Nous avons démontré que des processus involontaires ayant eu lieu dans le passé pouvaient
déterminer ce que nous sommes dans le présent. Il en existe également d’autres de types
volontaires, c’est-à-dire des changements que nous avons décidés : les choix que nous avons
faits au cours de notre vie qui déterminaient une condition s’appliquant postérieurement au
moment du choix. On peut citer comme exemple, l’engagement dans des études : je suis
particulièrement instruit dans tel domaine puisque j’ai choisi, il y a quelques années, de
passer un diplôme dans ce domaine. L’irréversibilité du temps transforme n’importe quelle
décision en une certaine fatalité, puisque l’individu est en quelque sorte condamné à subir
les conséquences de ses actes sans pouvoir les annuler.

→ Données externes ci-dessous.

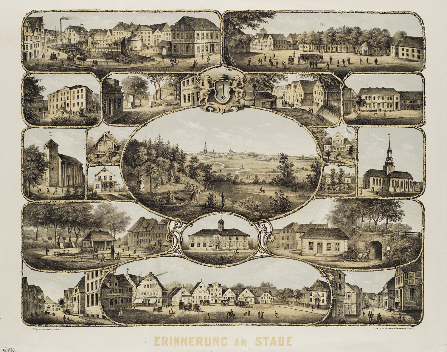Erinnerung an Stade. Chromolithographie. Stade, Friedrich Steudel, um 1860. 50 x 64 cm. Unterhalb des Motivs mit typogr. Angaben zu Verleger und Drucker sowie betitelt.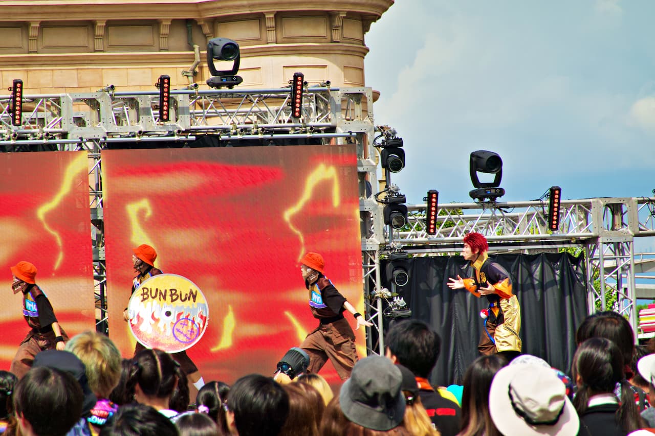 今年はショー内容も一新され、双子のポケモントレーナー“ブンブン&バンバン”が登場。DJゲンガーをめぐって対立した2人が、それぞれバケッチャとヒトモシを召喚し、ゲストを巻き込んだダンスバトルを展開します。バトルの結果によってエンディングが変わるという仕掛けもあり、会場の熱気は最高潮に。ゲストが見てノルだけではなく、参加して楽しめる要素が追加されたことで、より没入感があり、思わず自分がショーを見ていることも忘れて踊り狂ってしまいますよ!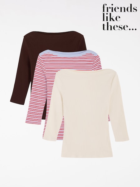 Friends Like These Multi 3/4 Sleeve Ribbed Boat Neck T-Shirts 3 Pack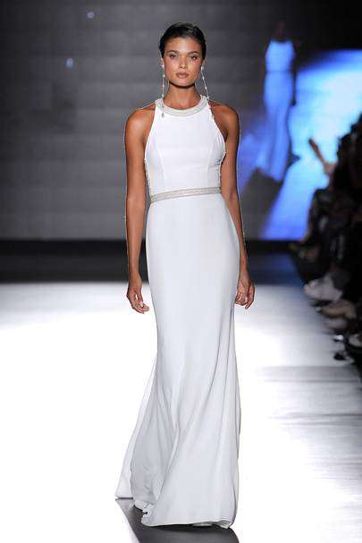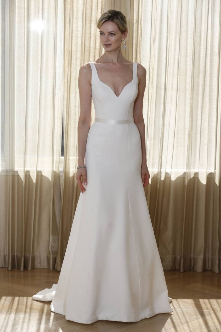فستان زفاف من الساتان، مكشوف الصدر، بحزام خصر من الساتان، من تصميم كارولين كاستيغليانو.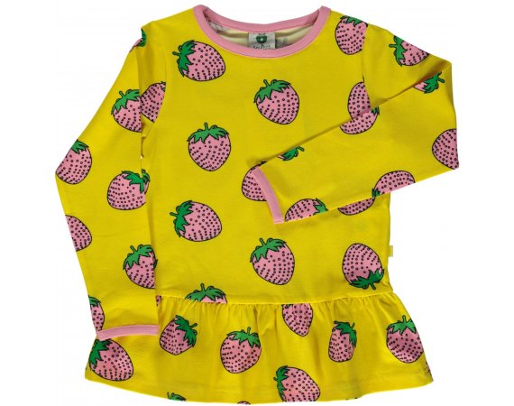 T-shirten har lange ærmer, sødt pynteskørt og en fin ensfarvet kant omkring hals og håndled.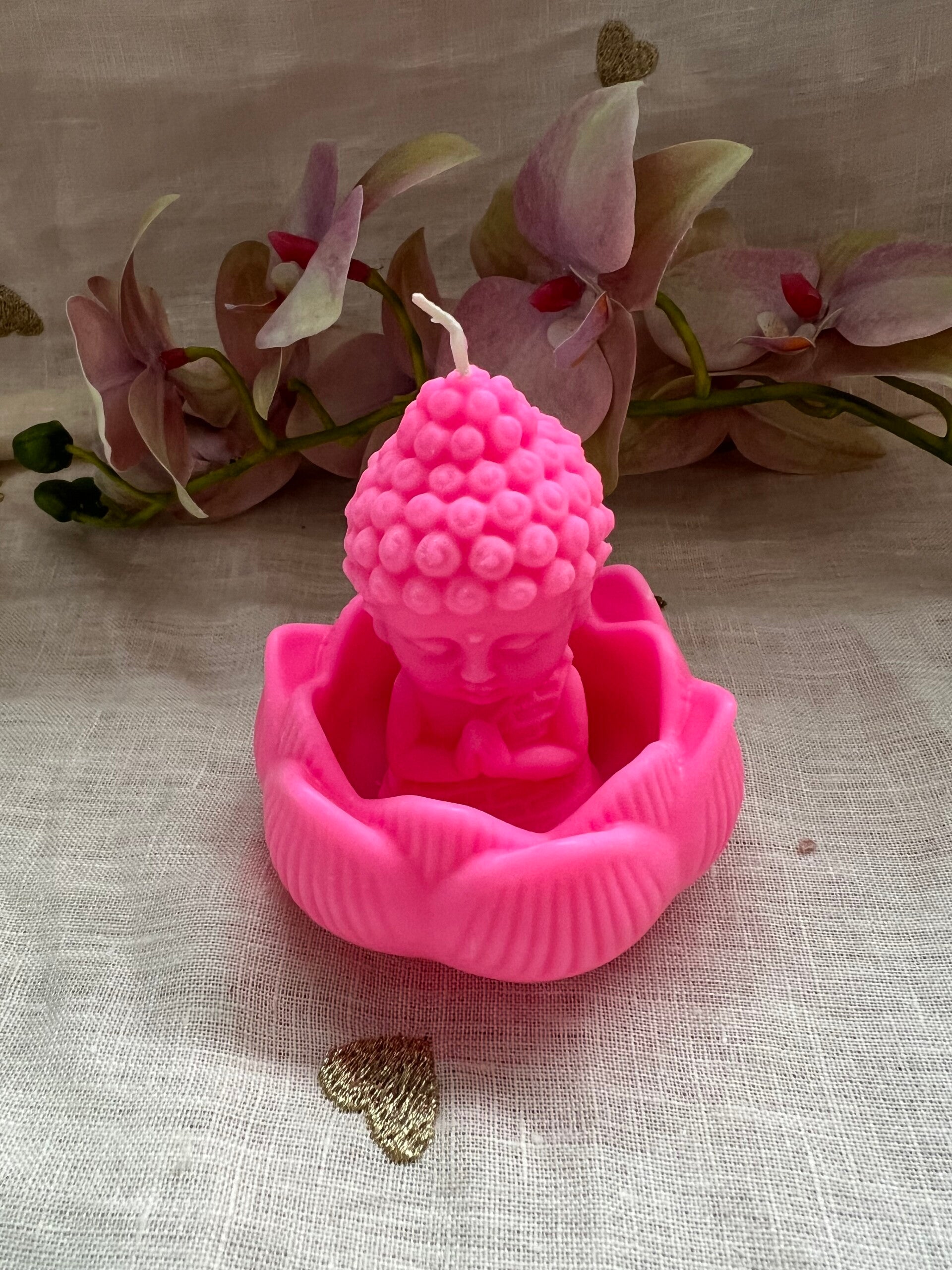 De kaars bestaat uit 2 delen. Een buddha en een Lotusbloem. De Buddha heeft een lont en wordt in de lotusbloem gezet.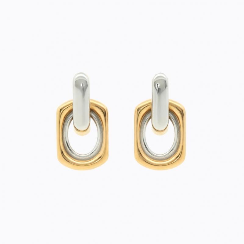 POSH- Elegant earrings featuring a unique geometric design that combines gold and silver tones for a sophisticated look - Crafted from high-quality stainless steel with luxurious 18K gold plating for a stunning and durable finish - Lightweight construction ensur...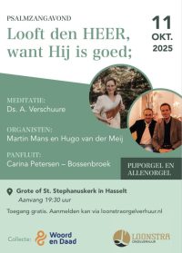 Zaterdag 11 oktober bent u van harte welkom op de psalmzangavond in de Grote of Stephanuskerk in Hasselt. De te zingen psalmen passen bij het thema van deze avond: Looft den HEER, want Hij is goed. Ds. Verschuure uit Genemuiden zal een inleiding verzorgen rondom dit thema. Naast het kerkorgel zal ook het Allen-concertorgel bespeeld worden. ... [...]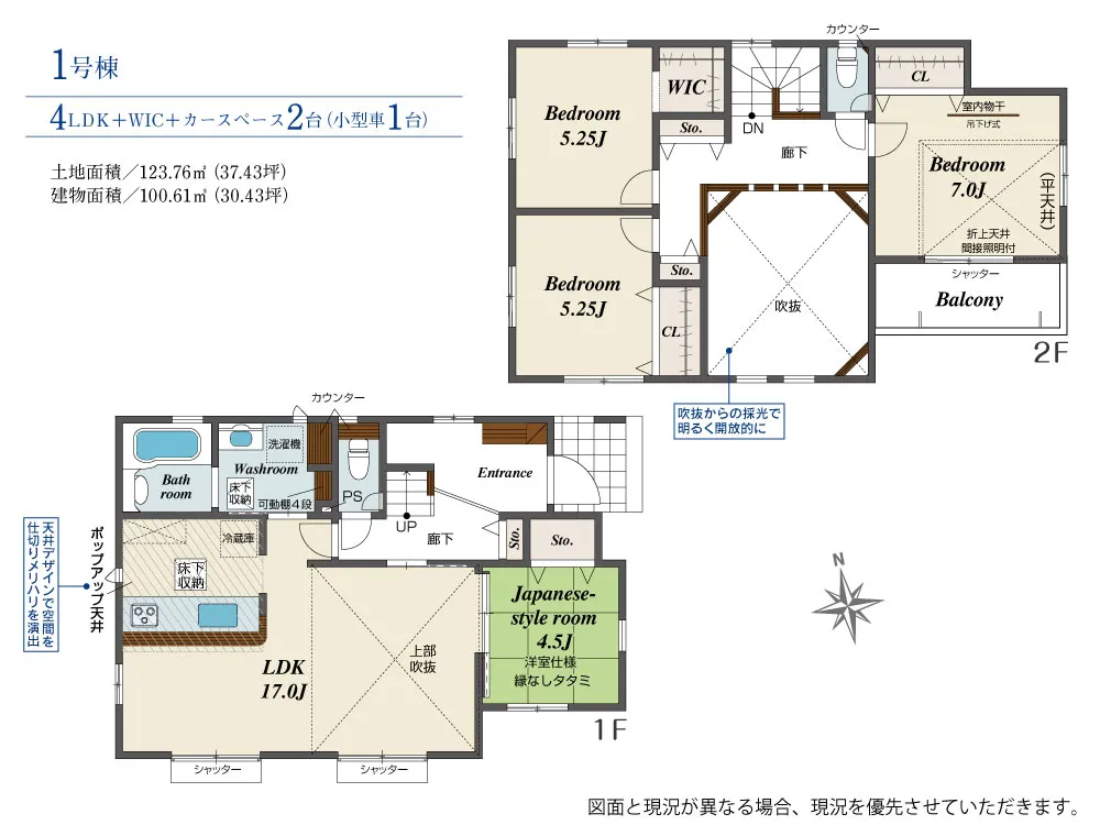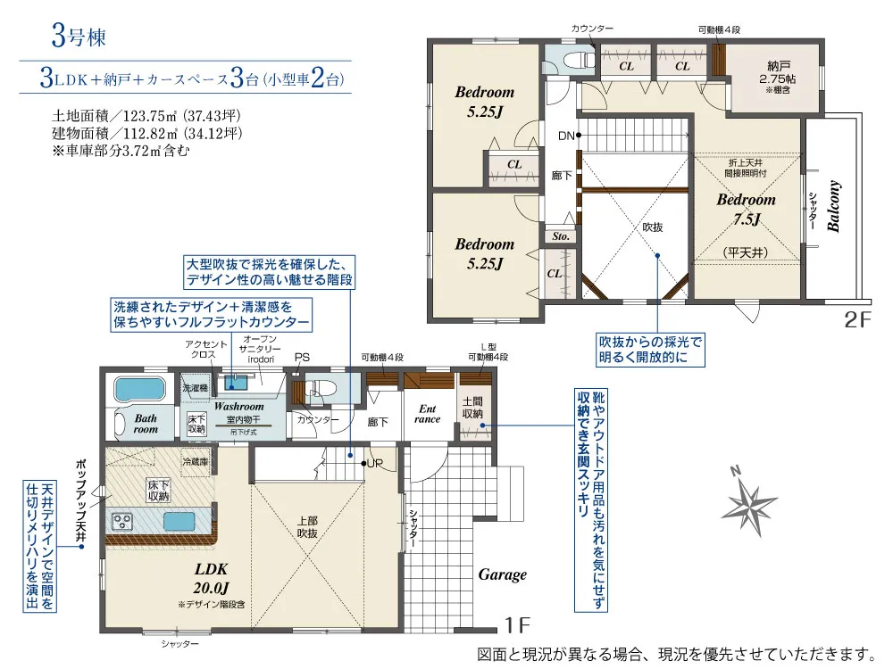 | 土地面積 | 123.75~123.76m² | 建物面積 | 100.61~112.82㎡ |

Sommes-nous condamnés à subir les conséquences du passé ? En considérant que je ne suis
que le fruit de mon expérience, je renie toute liberté et j’affirme ne pouvoir que « récolter
les graines semées ».
Ou bien jouissons-nous, aujourd’hui, d’un libre-arbitre sur notre condition actuelle ?
L’Homme est en effet doué d’une autonomie lui permettant d’être conscient de son état et
de le modifier. Pour toute la philosophie classique, la liberté signifie l’indépendance
intérieure et la capacité morale de se déterminer en suivant les seuls conseils de la raison et
de l’intelligence. Selon Voltaire, « la liberté consiste à ne pas dépendre des lois », citations
s’appliquant aux lois juridiques mais pouvant élargir son champ d’application aux lois
naturelles comme le temps. Le cas extrême d’une manifestation de ce libre-arbitre est le
suicide, mais un changement de vie par celui de la profession ou du lieu de vie en est
également une.
La théorie du passé régissant le « moi » actuel n’est donc pas universelle.
Malgré tout, la preuve d’une liberté à toute épreuve suffit-elle à déterminer ce que nous
sommes ? Cela induirait que nous sommes quelqu’un que nous avons en grande partie
souhaité être, à l’encontre parfois du passé qui nous prédéterminait autrement. Mais alors,
pourquoi ne sommes-nous donc pas tous dans un état d’une forme approchée du bonheur ?
« Le bonheur est par définition, ce qu’il y a de mieux pour l’individu ; le bonheur est le
souverain-bien. », disait Aristote. Or la liberté d’agissement sur notre condition n’est-elle pas
exercée par tous dans ce but ? On agit pourtant bien pour notre bien et non dans l’optique
de se dégrader ou de dégrader son mode de vie.
Il semble que cette théorie soit également contestable. Se pourrait-il, si l’absence totale du
poids du passé et de libre arbitre est impossible, qu’une combinaison des deux soit la
solution à la problématique ?
Sommes-nous ce que le passé a fait de nous additionné à ce que nous faisons aujourd’hui ?
Or, ce que nous faisons aujourd’hui se répercute forcément dans un futur plus ou moins
proche. Ce serait donc le « moi » passé et le « moi » que nous aspirons aujourd’hui à être,
qui formerait le « moi » actuel, à la fois passif et actif.
De plus, les conséquences du passé, qu’elles soient dues à des évènements involontaires ou
choisis, peuvent être adaptées pour être moins subies. Après un accident grave, je peux
choisir d’abréger mes souffrances ou de me battre pour la vie. Certains actes menés
aujourd’hui résultent donc de la volonté de gérer les actes passés, et permettent ainsi de
contourner l’irréversibilité du temps. Et si, finalement, nous étions ce que nous faisons de
notre passé ?
Nous conclurons donc notre démarche philosophique en disant que nous ne sommes non
pas exclusivement ce que le passé a fait de nous, mais aussi ce que nous faisons du passé
ainsi que des nouveaux enjeux qui s’offre à nous aujourd’hui.